**WORK REQUIRED:** Pictures do not belong in the copy. Output exactly the lines from the one containing "Redial; Switching Between" to the end of the listing below.

▽

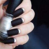 Un altro modello da ufficio è un classico design per unghie francese. In questo caso, la striscia bianca sul bordo superiore dell'unghia viene sostituita da una nera. Per gli amanti della diversità, gli stilisti offrono una giacca nera bicolore con una finitura opaca e lucida. Anche in uno stile aziendale, disegna le unghie con un design lunare. Ci sono anche molte varianti. O il platino per unghie è ricoperto di vernice nera e i fori non vengono verniciati o viceversa. Una manicure lunare bicolore in combinazione con il nero e una delle tonalità pastello è popolare. Sembra gentile e morbido.
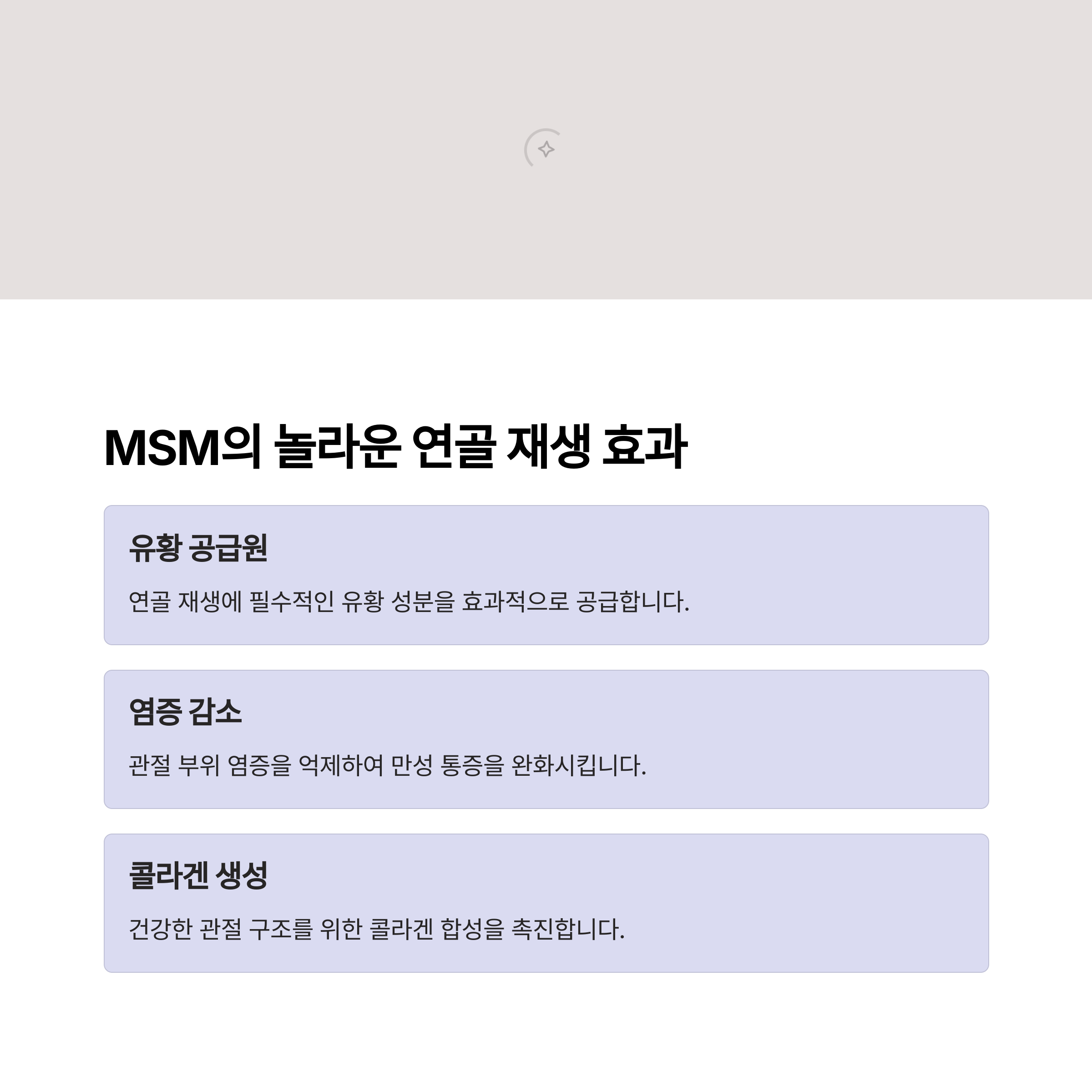 🔍 효과적인 섭취 방법: MSM은 글루코사민, 콘드로이틴과 함께 복용하면 시너지 효과를 볼 수 있어요. 시중에는 MSM과 글루코사민, MSM과 콘드로이틴 조합 제품들이 많이 있습니다.
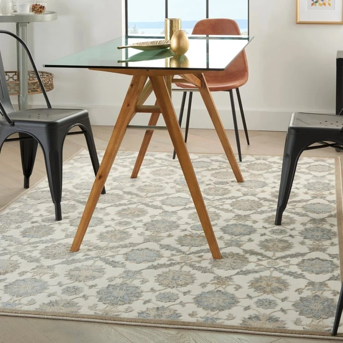 Indulge in elegance with the opulent look of the Grand Villa Collection by kathy ireland® Home. Both sumptuous and practical, Grand Villa presents the patterns of French country and Persian rug traditions in a collection of power-loomed area rugs that are low pile, low-shed, and easy-care. Their style elements include center medallion or all-over designs, with ornamental or narrow borders, all with an intriguing vintage look. The subtle palette of muted neutrals is extremely versatile for contemporary décor, and gives these grand designs a fresh and modern feel. Enjoy a touch of grandeur in your living or dining room, bedroom, family room or home office, with a Grand Villa area rug.
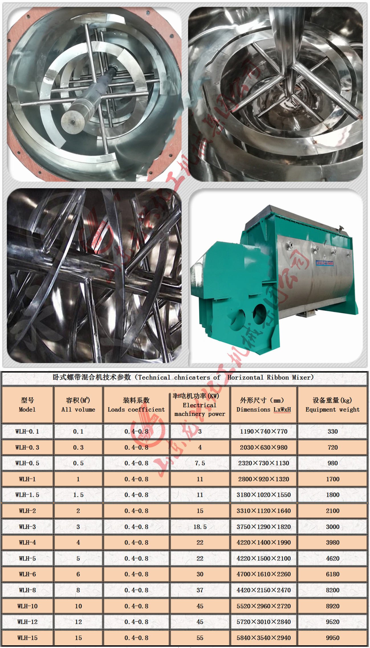 臥式螺帶混合機極大改變了傳統工藝的粉-粉、粉-液、固體物料、顆粒狀物料的混合狀況,使粉一粉、粉一液、固體物料、顆粒狀物料的混合向高速、高效、易操作清洗方便,無污染方面發展,標志著現代工藝的顯著進步,廣泛應用于醫藥、食品(比如奶茶、速溶茶粉、食品添加劑、香精香料、調味品、大豆分離蛋白質噴涂卵磷脂等混合工藝)、獸藥、變性淀粉、造紙、化工、飼料、CPE塑料粒子等行業之中,它特有的機身及結構注定了與眾不同的特性。對纖維含量較大、密度差異大的物料混合,該混合機不適合。膩子膏、真石漆、生物、醫藥、食品等行業,建議使用不銹鋼材質。一般情況下,混合含有玻化微珠的干粉砂漿料,推薦臥式螺帶混合機快。電機與攪拌主軸之間通過擺線針輪式減速機直聯,結構簡單,運行可靠度高,維護方便。
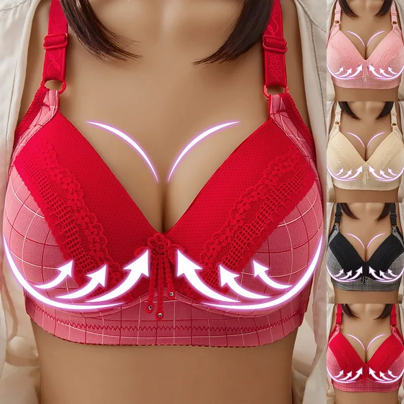 Тонкое женское нижнее белье, женский бюстгальтер пуш-ап, клетчатый кружевной бесшовный бюстгальтер с цветочной подвеской 46105 B C с большой грудью, бюстгальтер без косточек, новинка
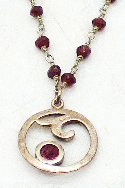 Description: Signed sterling sliver round pendant set with a genuine garnet stone hangs from a delicate garnet bead and sterling link chain finished with a length of silver chain and lobster clip. Signed '925' and possibly '©SAIK' though mark is not clear, on the back of the pendant.
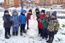 Первый снег для детей - это настоящее раздолье, необыкновенное счастье, восторг и удовольствие! Дети рады наступающей зиме и грядущим зимним забавам: играм в снежки, лепке снеговика. Вся игровая площадка была укрыта красивым белым полотном. Воспитанники подготовительной группы1 «Лучики" с огромной радостью лепили снеговиков, играли в снежки и у всех было одно желание – только бы снег не растаял! Дети получили огромное удовольствие и радость, играя с первым снегом. -
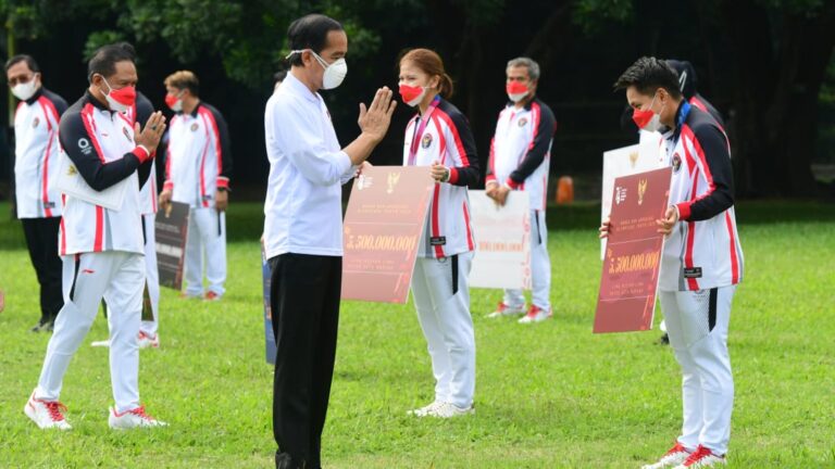TERASNKRI.COM | JAKARTA – Presiden Joko Widodo menerima kontingen Indonesia yang berlaga di Olimpiade Tokyo 2020, sekaligus menyerahkan bonus apresiasi
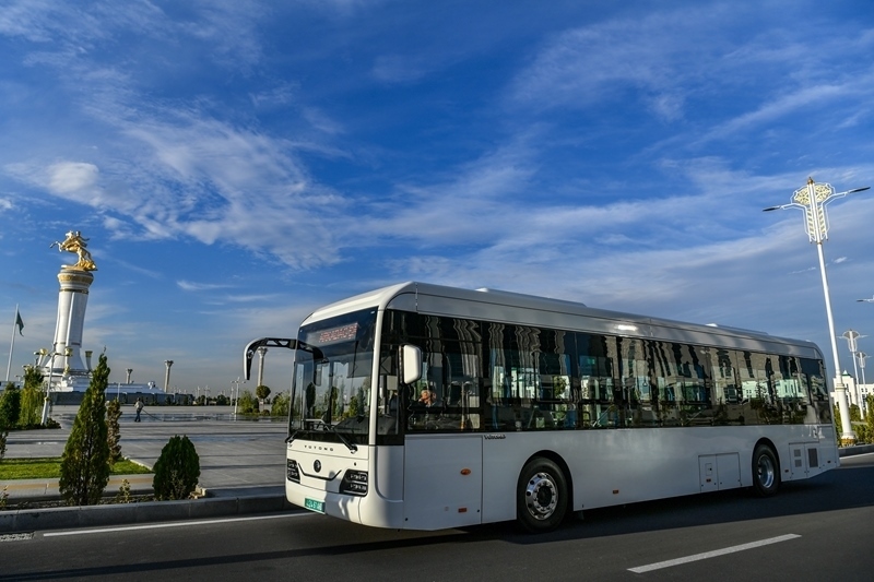 這是2023年11月26日在土庫曼斯坦阿爾卡達(dá)格拍攝的電動公交車。新華社記者 曹陽 攝
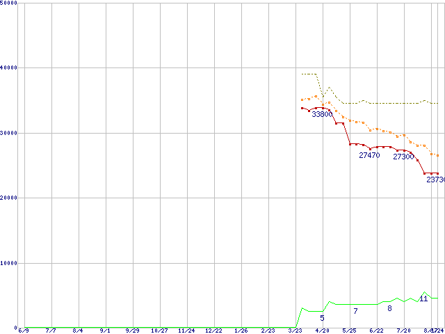 | WD5000KS (500GB)の価格推移 | | | (2005年6月9日~2006年8月24日) |
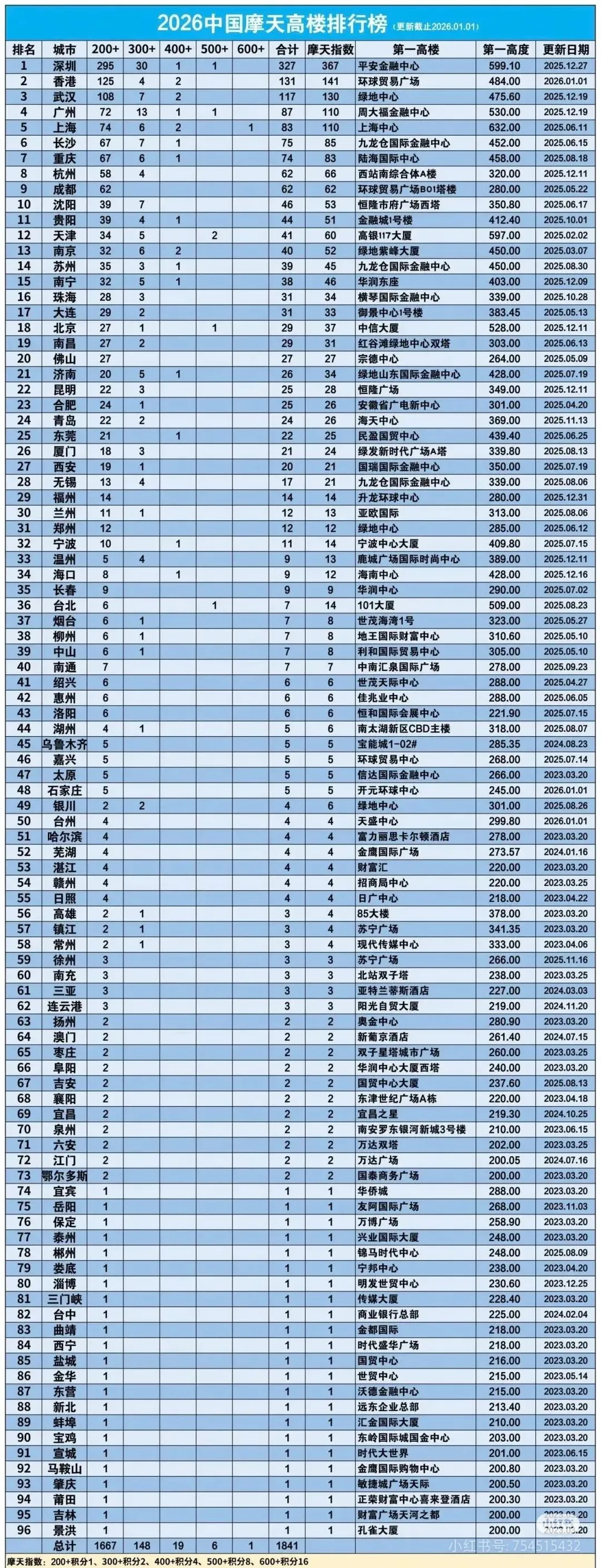 >中国摩天高楼城市排行榜!(更新截止2026.01.01)
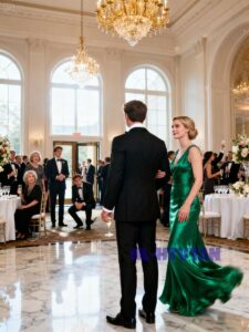 Elena wore an emerald-green gown that shimmered under the chandeliers with every step she took.
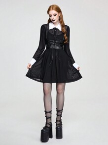 Academia Vestido de encaje transparente con cuello de parches de unicolor y fruncido para mujer
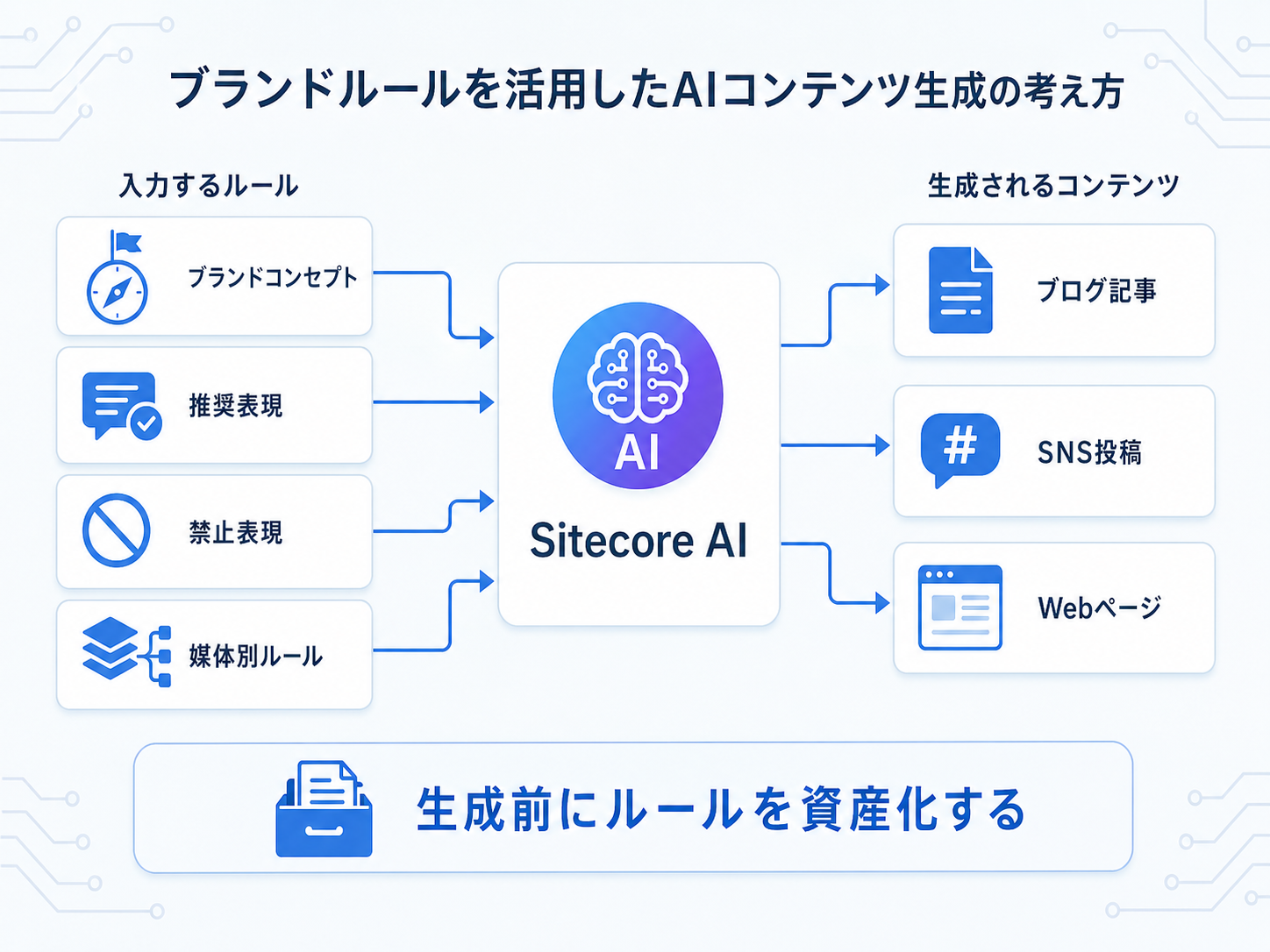 Sitecore AIの価値は、単なるコンテンツ生成ツールとしてだけではありません。ブランドイメージなど、生成の前提になる情報を構造化して保持し、そのルールを運用に組み込むことができます。その意味で、ブランド戦略との相性も非常に大きいといえます。
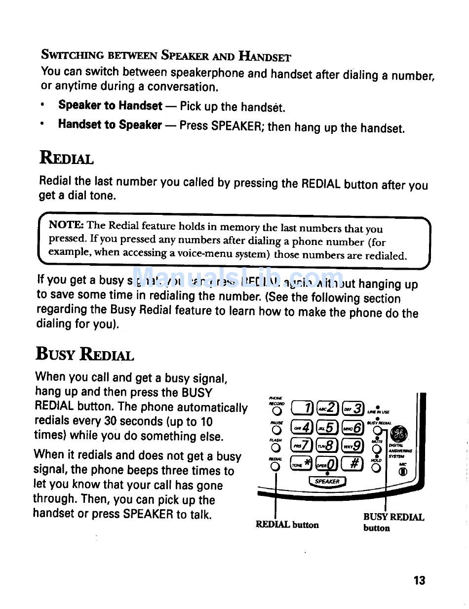 Redial; Switching Between Speaker And Handset; Busy Redial - Ge 2-9985 Proseries User Guide
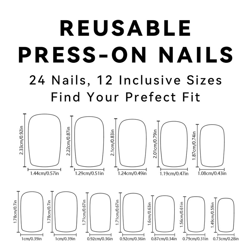 - 【Complete Set】: This set includes 24 reusable press-on nails in 12 sizes for a perfect fit. It also contains jelly gel for adhesion, a nail file, alcohol cotton for prepping, and a wooden stick for precise application. Enjoy salon-quality nails at home with this complete kit
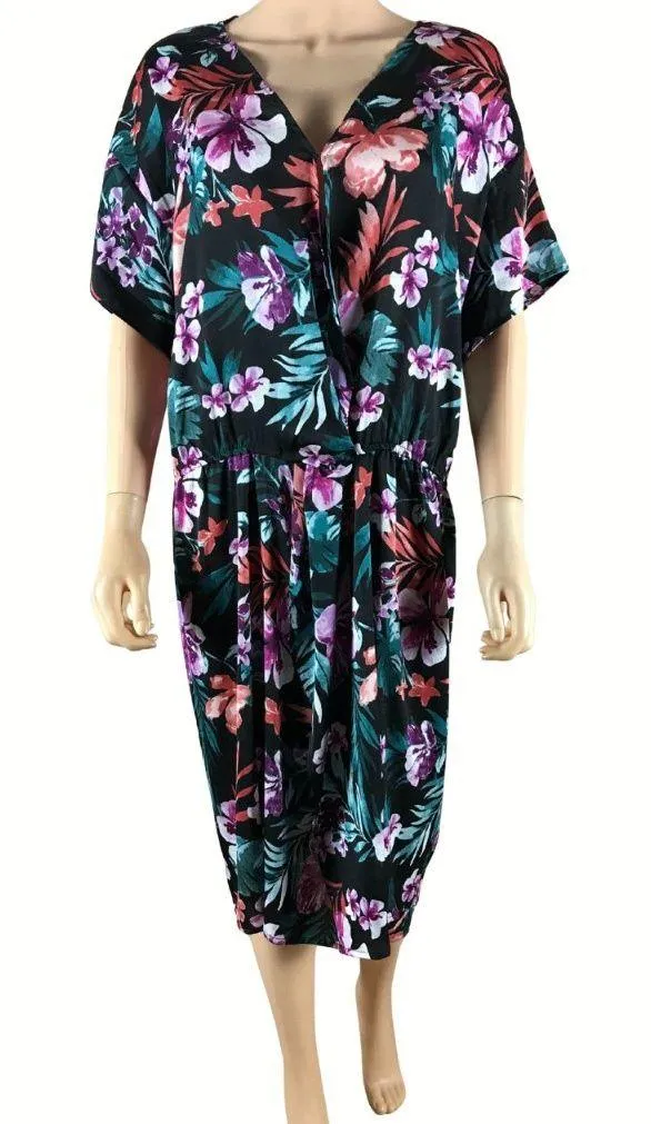 BOBEAU Satin Twist Front Black Floral-Print Dress Crossover V-neck, short sleeves Elasticized waist with front twist detail, side slit pockets Asymmetric front hem, pullover style, unlined Crepe woven Polyester; not lined Size: Medium Approximate Measurements: Armpit to armpit 21" Length 37"

△

**TASK RESULT:**
 Redial; Switching Between Speaker And Handset; Busy Redial - Ge 2-9985 Proseries User Guide
 - 【Complete Set】: This set includes 24 reusable press-on nails in 12 sizes for a perfect fit. It also contains jelly gel for adhesion, a nail file, alcohol cotton for prepping, and a wooden stick for precise application. Enjoy salon-quality nails at home with this complete kit
 BOBEAU Satin Twist Front Black Floral-Print Dress Crossover V-neck, short sleeves Elasticized waist with front twist detail, side slit pockets Asymmetric front hem, pullover style, unlined Crepe woven Polyester; not lined Size: Medium Approximate Measurements: Armpit to armpit 21" Length 37"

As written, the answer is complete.